Where is that spark? That flash of inspiration? That small motivation needed to go on, to believe in all that I have stood by. To defend what I know is right. You were there. You were there not so long ago.

When did you die?

Thursday, August 16, 2007

The PURRfect one.

Except it never is perfect.

He could be witty, intelligent, mature, caring, loving, understanding, beautiful.

But he has whiskers.

Ahhh. Purrrrfect.

Monday, August 13, 2007

Dead and dying.

I was going through my old blog the other day, reading some of the comments some of my previous regular readers had posted.

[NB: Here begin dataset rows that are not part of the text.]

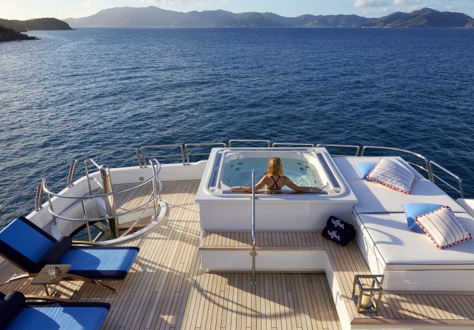 One of the most popular yachts on the charter market, Victoria Del Mar is a spectacular vessel with lots of fantastic amenities and accommodation for 12 guests. She was launched in 2006 and has been maintained in great condition. Some of her luxurious features include the outdoor cinema, Jacuzzi, alfresco dining options and elevator that serves all decks. There is an array of water toys available onboard which you can enjoy on your next yacht charter holiday: tenders, wave runners, sea bobs, inflatables, kayaks and other.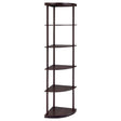 Bonwick – 5-Shelf Corner Bookshelf with Space-Saving Compact Design, Rubberwood Frame, and Elegant Cappuccino Finish for Home or Office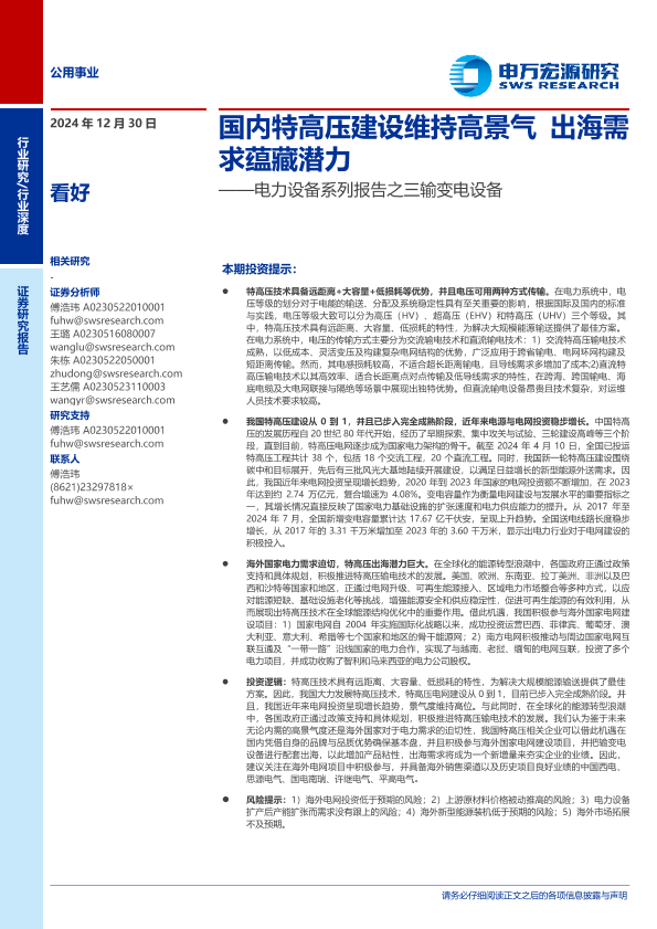 【申万宏源】【202412】2025年01月05日更新-电力设备行业系列报告之三输变电设备:国内特高压建设维持高景气出海需求蕴藏潜力-39页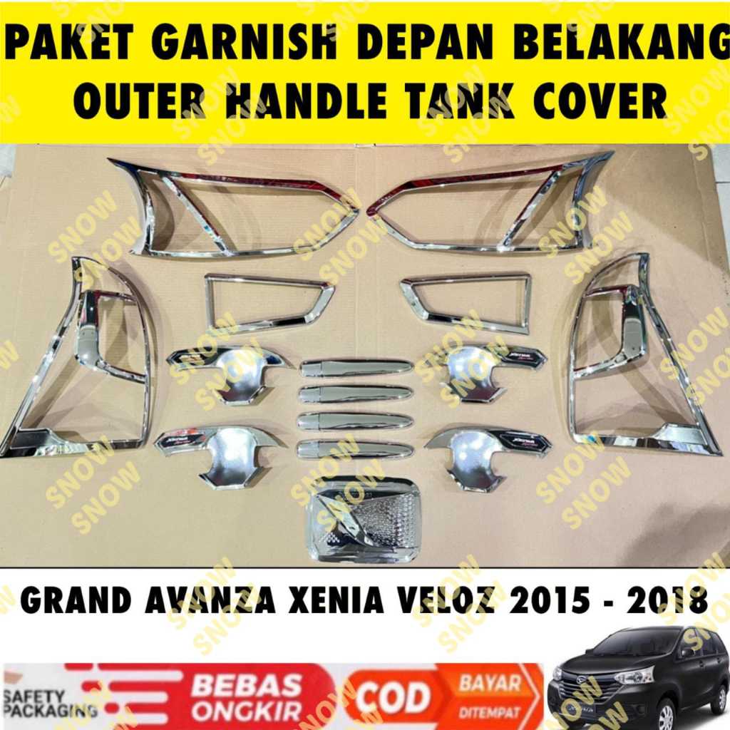 Paket Garnish Depan Belakang Outer Handle Tank Cover Grand All New Avanza Xenia Veloz 2015 2016 2017 2018 Hitam Chrome

They elicited contrasting reactions, either putting a smile on my face, or reminding me of the dark I was in when writing some of those older posts.

Due to a spurt of randomness, I decided to pay those readers a visit, just to tag their boards and to remind them I had moved to a different place. Hoping to invite them to come read and peruse through my writings once more.

It turned out to be a wholly depressing experience.

Many had... stopped. Stopped blogging, writing, digitally penning their thoughts and publishing their emotions online. And I realised I wasn't alone in considering 'retirement' from my voluntary profession. I may never know why so many of them had decided to discontinue their writing efforts, and it puts into context my own dithering over whether or not to quit.

I recall extracting myself from the notion that they were my readers, but real people with real lives, and very real responsibilities. And that for all their appreciation of my writing, and the awe they seemed to display at what I had written, I was, for better or worse, merely an abstraction to them. Merely a little footnote that would be considered when they came online, to be perused and appreciated for fleeting moments.

They would not need my insight to survive, nor my stories to entertain them all the time. That they would not need my advice to solve their problems, nor would they need my creativity to brighten up their lives.

I realised, how insignificant I am. And how little difference it would make if I were to indeed stop writing out my thoughts and feelings.

But I will go on. Because in the end, it is for me.